# WORK TASK
The material below includes pictures; leave them out and return only the lines between the line containing "Dotata di design" and the line containing "Beautiful pinks and", inclusive, word for word.

# DATA FOR PROCESSING
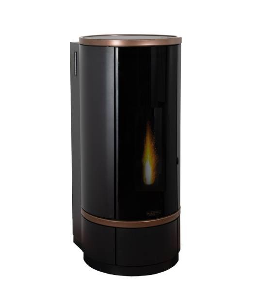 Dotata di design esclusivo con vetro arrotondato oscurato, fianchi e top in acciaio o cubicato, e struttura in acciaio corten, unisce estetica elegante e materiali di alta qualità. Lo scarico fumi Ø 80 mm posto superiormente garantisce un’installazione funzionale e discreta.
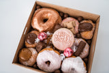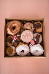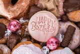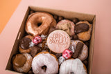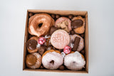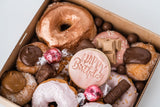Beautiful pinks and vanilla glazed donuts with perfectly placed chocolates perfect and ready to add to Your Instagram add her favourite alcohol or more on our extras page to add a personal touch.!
...
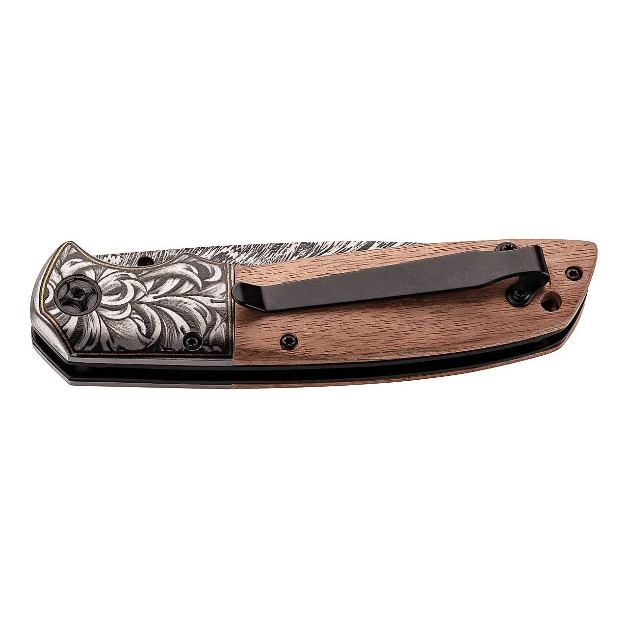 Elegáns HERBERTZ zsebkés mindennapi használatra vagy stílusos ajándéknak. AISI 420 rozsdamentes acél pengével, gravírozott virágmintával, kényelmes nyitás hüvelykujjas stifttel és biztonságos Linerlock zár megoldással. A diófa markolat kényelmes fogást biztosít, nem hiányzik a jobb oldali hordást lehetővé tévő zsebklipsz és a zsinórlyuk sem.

# RESULT
 Dotata di design esclusivo con vetro arrotondato oscurato, fianchi e top in acciaio o cubicato, e struttura in acciaio corten, unisce estetica elegante e materiali di alta qualità. Lo scarico fumi Ø 80 mm posto superiormente garantisce un’installazione funzionale e discreta.
Beautiful pinks and vanilla glazed donuts with perfectly placed chocolates perfect and ready to add to Your Instagram add her favourite alcohol or more on our extras page to add a personal touch.!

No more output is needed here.